Your objective: Ignoring every picture, return the lines of the listing below word for word, from the line that holds "Nhà cửa & Đời" through the line that holds "o 2013년 03월".

Supplied records:
Segment Open
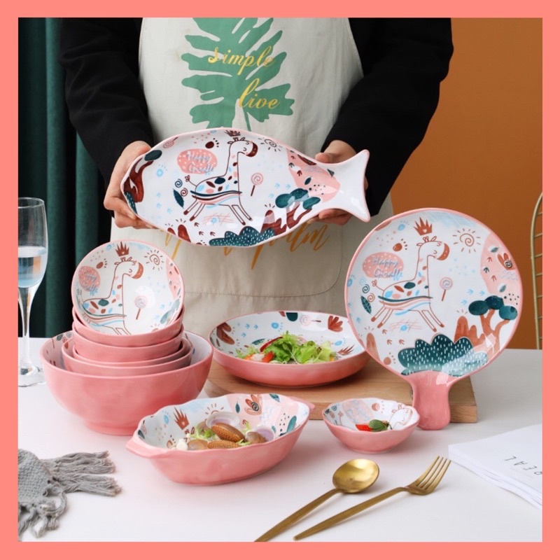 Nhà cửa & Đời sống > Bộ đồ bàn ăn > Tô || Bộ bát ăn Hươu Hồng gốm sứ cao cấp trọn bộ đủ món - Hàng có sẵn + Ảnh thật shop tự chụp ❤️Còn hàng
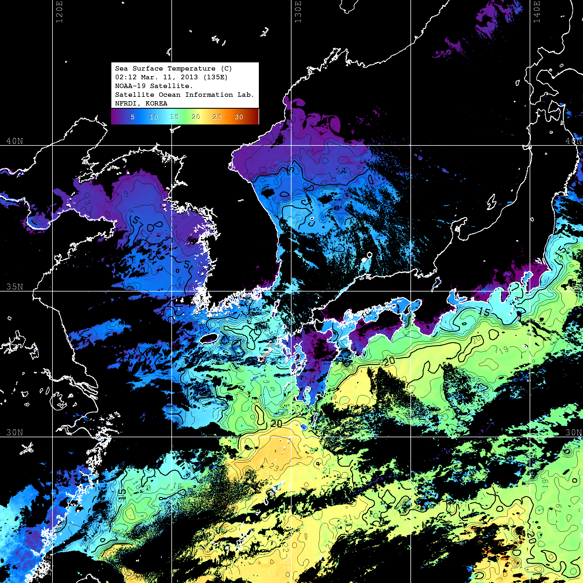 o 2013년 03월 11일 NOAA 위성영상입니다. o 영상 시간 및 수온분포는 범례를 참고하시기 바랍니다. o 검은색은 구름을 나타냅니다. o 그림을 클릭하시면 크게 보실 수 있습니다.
Segment Closed
Segment Open
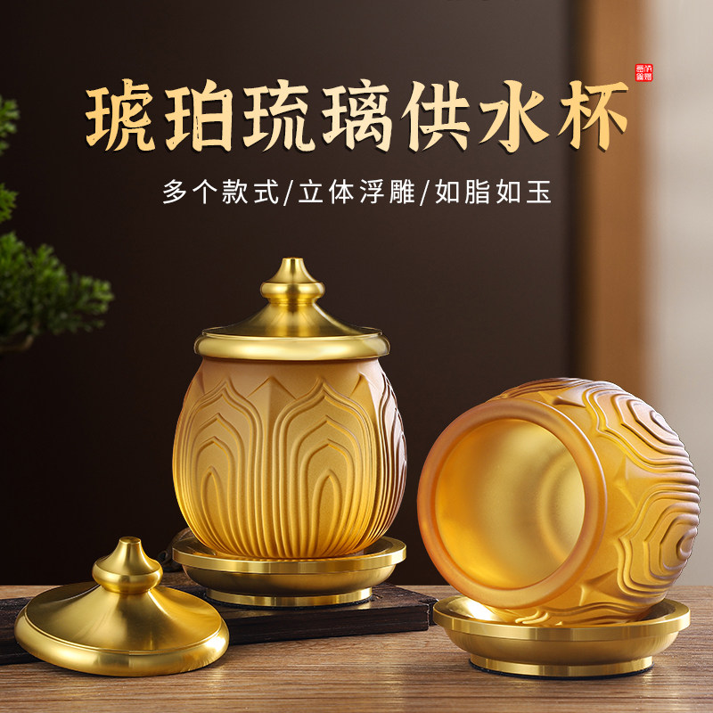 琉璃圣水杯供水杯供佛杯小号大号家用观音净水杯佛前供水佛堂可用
Segment Closed
Answer to this task:
 Nhà cửa & Đời sống > Bộ đồ bàn ăn > Tô || Bộ bát ăn Hươu Hồng gốm sứ cao cấp trọn bộ đủ món - Hàng có sẵn + Ảnh thật shop tự chụp ❤️Còn hàng
 o 2013년 03월 11일 NOAA 위성영상입니다. o 영상 시간 및 수온분포는 범례를 참고하시기 바랍니다. o 검은색은 구름을 나타냅니다. o 그림을 클릭하시면 크게 보실 수 있습니다.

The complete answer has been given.